ハッキングの目的は仮想通貨のマイニング
米ニュースサイトのZDNetによると、仮想通貨マイニングのためのハッキングがヨーロッパ各地のスーパーコンピュータで相次ぎ、シャットダウンを余儀なくされています。
現時点で、イギリス、ドイツ、スイスのスーパーコンピュータと、スペインのハイパフォーマンスコンピュータが被害に遭っており、コンピュータのクラスタを制御するノードが、マルウェアに感染したと見られています。
これらのハッキングは、最近の一週間で発生しています。
セキュリティ研究社でCado Securityの共同設立者でもあるクリス・ドーマン氏は、このマルウェアは、スーパーコンピュータの高い計算能力を利用して、仮想通貨モネロ(Monero/XMR)をマイニングするために設計されたものとのことです。
今回の件でシャットダウンを余儀なくされたコンピュータの多くは、コロナウイルスの研究にも使われていました。
研究者たちは、コロナウイルスに対抗するためのワクチン開発に、コンピュータを利用していました。
ハッカーは、マシンのアクセス権限を持つ人物の認証情報を何らかの手段で取得し、それによってコンピュータにアクセスしたと見られています。
ハッキングに使用された認証情報は、カナダ、ポーランド、中国の研究者のものだったとのことです。

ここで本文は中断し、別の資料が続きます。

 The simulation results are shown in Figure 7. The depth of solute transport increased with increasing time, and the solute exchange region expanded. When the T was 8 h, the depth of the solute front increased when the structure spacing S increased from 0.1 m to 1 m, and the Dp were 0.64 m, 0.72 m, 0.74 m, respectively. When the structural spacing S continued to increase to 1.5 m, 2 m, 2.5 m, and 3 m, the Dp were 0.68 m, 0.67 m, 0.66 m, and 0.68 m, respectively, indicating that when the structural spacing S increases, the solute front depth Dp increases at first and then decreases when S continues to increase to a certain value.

専門家は、今回の件が全て同一犯であるとの証拠はないものの、マルウェアの種類や特徴に類似性があるため、何らかの関係がある可能性は高いと指摘しています。
ZDNetによると、仮想通貨のマイニングを行うためにスーパーコンピュータにマルウェアがインストールされたのは、今回が初めてではないとのことです。
しかしこれまでに発生した事件では、従業員などの関係者が、個人的な目的で違法にマルウェアをインストールしていたというものでした。

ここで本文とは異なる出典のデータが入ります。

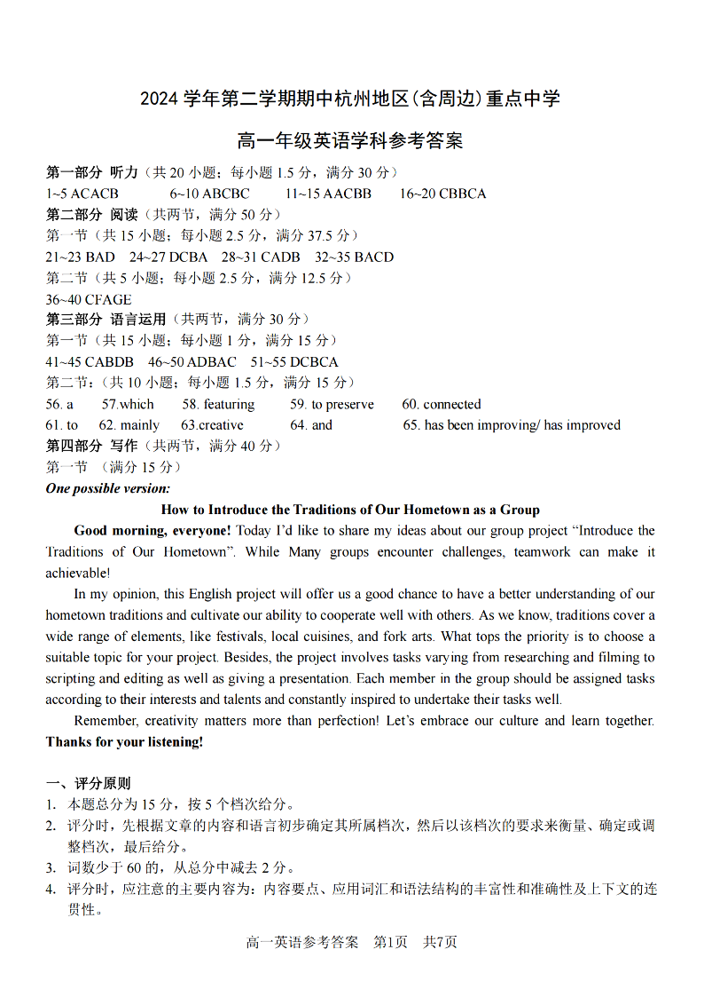 杭州地区(含周边)重点中学2024学年高一第二学期期中联考 英语答案.pdf

2018年に、ロシアの原子力センターでエンジニアが逮捕されたという事件がありました。
しかし、今回のようにハッキングによってスーパーコンピュータにマイニングのためのマルウェアがインストールされたのは、初めてと見られています。
まとめ
世界が一丸となってコロナウイルスに立ち向かっている最中、それに水を差す事件が起こりました。
コロナウイルスのワクチンや特効薬は、世界が今必死になって見つけ出そうとしているものです。
こうしている間にも、多くの人が罹患し、亡くなっています。
犯罪者に道徳を説くというのは無駄なことかもしれませんが、今回の事件は許せない気持ちで一杯です。